Five days after a mob ran amok in Kaliachak, police squads patrol these roads. Rapid Action Forces teams pass through them in gusts of steel blue. One of the roads off Chowringhee leads to the Kaliachak police station. Here, men in khaki stand guard every few metres while people smoke in sullen tea stalls. This town stands accused of communal violence.
Last Sunday, a protest rally was organised in Kaliachak. The object of protest: Hindu Mahasabha leader Kamlesh Tiwari’s comments on the Prophet Mohammad, which many Muslims consider derogatory. The comments had been made in Lucknow on December 1, but news had taken a month to travel from distant Uttar Pradesh.
Now this border town was incensed. A leaflet circulated by the Idara-e-Shariya, a religious group, relayed the news with “great grief and pain”, though it did not repeat Tiwari’s comments. The Hindu Mahasabha leader had been arrested, the leaflet said, and Muslims across the country had marched in protest, asking for Tiwari to be hanged. It was proposed that Muslims in the area also gather for a similar meeting. There was a date and a time: January 3, 9am.
“They took permission from the police,” said Mohammad Rahman. “We had hoped the police would send some protection to regulate the crowd.”
No protection came.
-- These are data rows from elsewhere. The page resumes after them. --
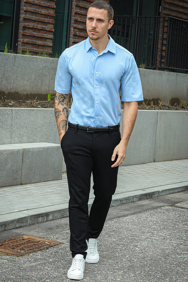 Comfort Shirt z krótkim rękawem w kolorze Cashmere Blue to idealna koszula do letniej garderoby. Kolor jest świeży i jasny, co nadaje jej zwiewny wyraz, który idealnie pasuje na gorące letnie dni. -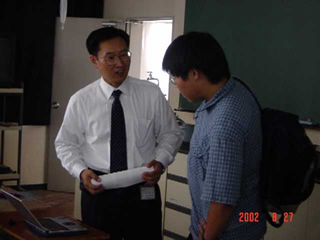 授業はパワーポイントを使いながら、「画像の品質」、「プリンターの歴史」についての話で始まり、図や表でプリンタの構造やインクジェット方式の特徴や原理などを説明したり、実際の製品を使っての説明があったりと分かり易い内容でした。小さな部品を製造する技術力、研究開発する上での発想の豊かさなど技術開発の最前線にいる講師 の話は興味深い内容で、生徒も大いに刺激になったと思われます。 この様子は同日の夜、TSB・SBCのニュースでも放映されました。なおこの様子は、10月17・18・19日の諏訪圏工業メッセ(東洋バルヴ)でもビデオ紹介がなされるとのことです。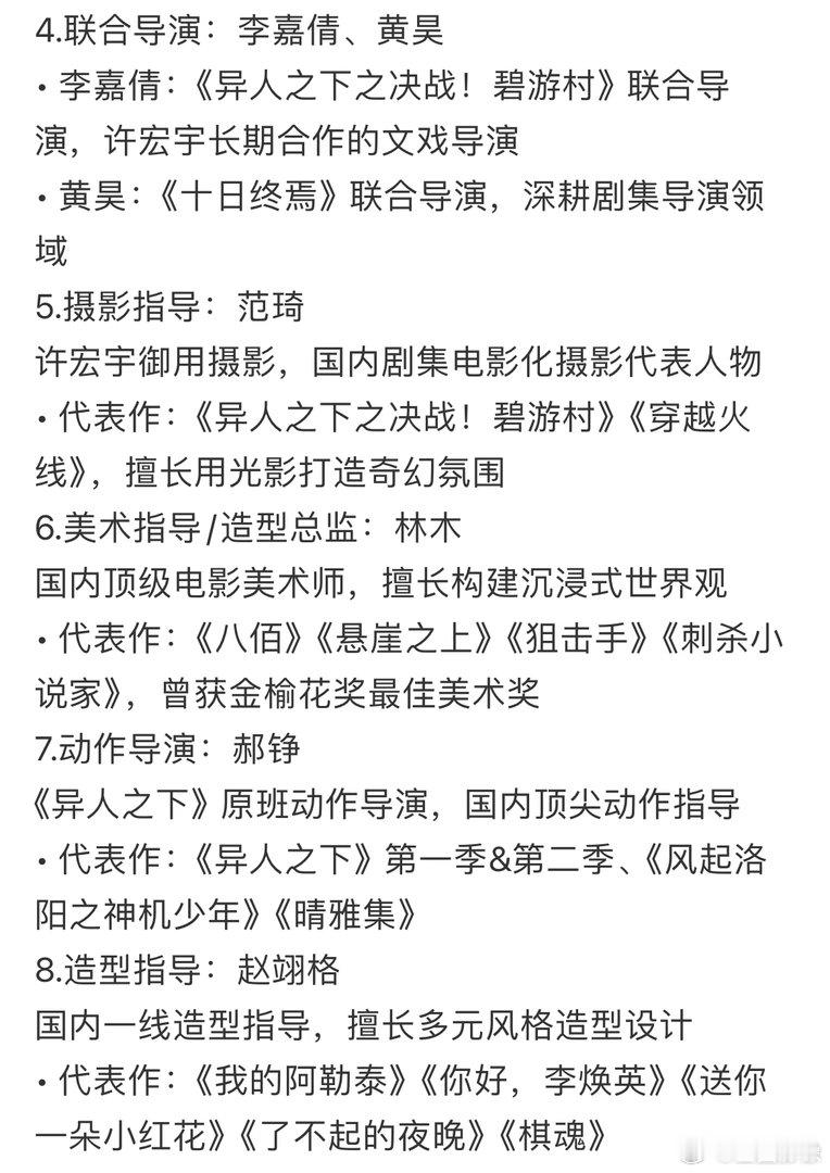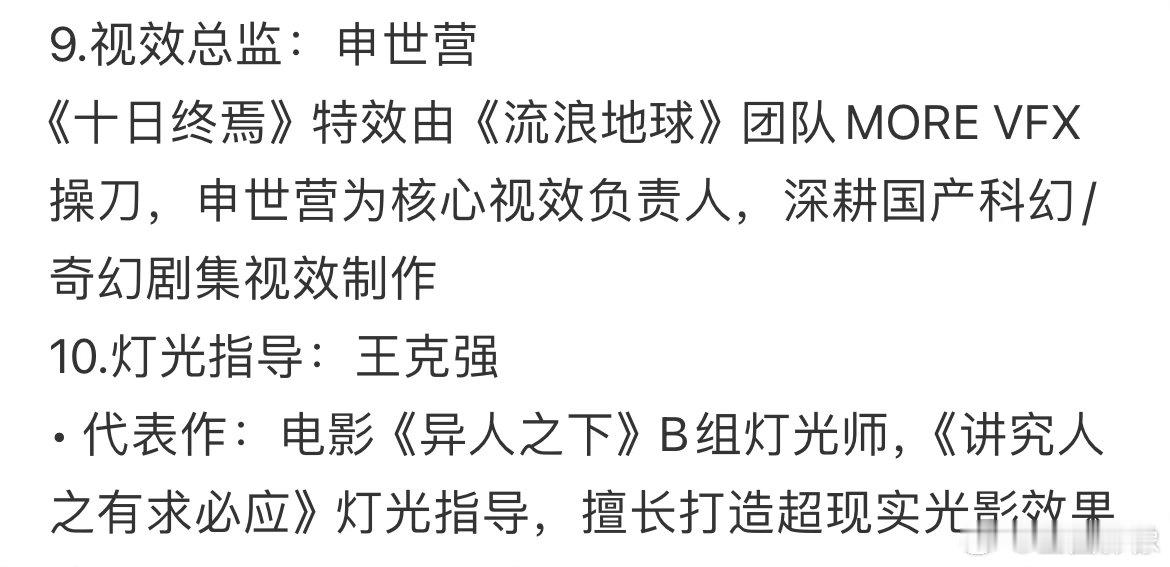 肖战十日终焉登世趋十日终焉幕后班底,看一下它们的作品就知道是有备而来了。这个IP对应的受众市场一定是相对年轻化的,每个部门负责的模块一定都是奔着打造无限流题材最顶级成品效果。这个幕后阵容的厚度,确实是夯爆了。而且有了肖战这位青年视帝级演员坐阵就是夯上加夯,导演许宏宇在肖战拍摄电影得闲谨制期间是剪辑顾问,跟组很久。他和肖战的默契程度对十日终焉一定是1➕1>2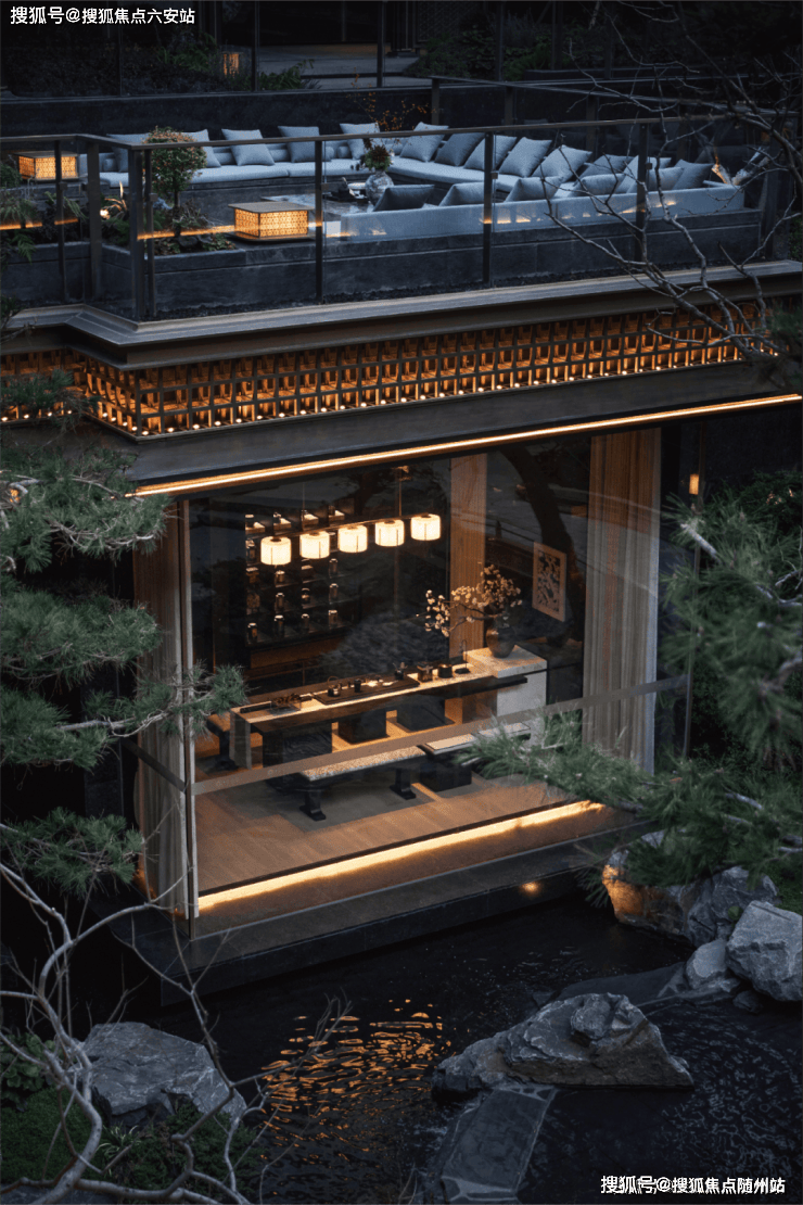 漫步于光影交织的幽静庭院,您将踏入一方充满诗意的天地。潺潺流水映照着婆娑树影,挺拔树姿为这片空间注入向上的生机,纵向延伸出无限的视觉张力。这座下沉庭院,不仅拉近了建筑与自然的情感共鸣,更使室内与景观紧密相连、和谐相融。每一扇窗户,都犹如框中的一幅生动山水画。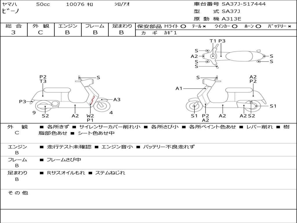 | Номер рамы / VIN | SA37J-517444 |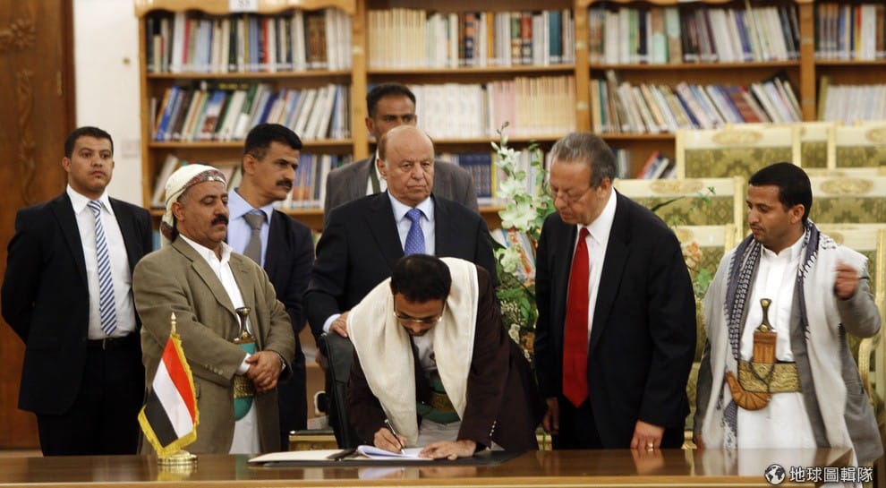 胡西組織的代表馬謝(中間彎腰的男性,Mehdi Al-Mashat)正在簽署協定,在他旁邊的是聯合國特別大使比諾瑪(右二,Jamal Benomar)和葉門總統哈迪(中間藍色領帶的男性,Abd-Rabbu Mansour Hadi)。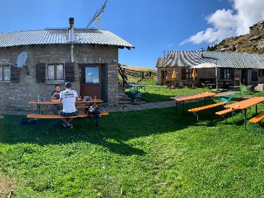 Holz- und Gasküche der Hütten-wärterin. Wohnküche mit 40-plätzigem Speisesaal, Beleuchtung durch Sonnenzellen, WC, Schlafraum mit 37 Plätzen und Terrasse. Schöne Hütte, mitten in einem Tannenwald gelegen.

According to some estimates, about 1.5 lakh people gathered in Kaliachak’s Chowringhee area. Then things turned ugly. Protesters blocking the highway got into an altercation with a Border Security Force vehicle. Shots were fired in the air. “Everyone thought it was the police shooting,” said Mohammad Rahman, an ophthalmologist who also runs an optical store in the Kaliachak market.
By all accounts, an angry mob broke away from the rally and made for the police station, where they set fire to about two dozen vehicles and ransacked the thana. The mob swept on to Baliadanga, a quiet locality behind the police station, inhabited mostly by Hindu families. A few shops were burnt and some houses stoned. Nineteen-year-old Tanmoy Tiwari, returning home from the market, took a bullet in a leg. Another Baliadanga resident claimed his 13-year-old daughter had been punched when she tried to stop the mob from burning a motorcycle parked in their portico. Suddenly, a religious protest seemed to take on an ugly communal hue.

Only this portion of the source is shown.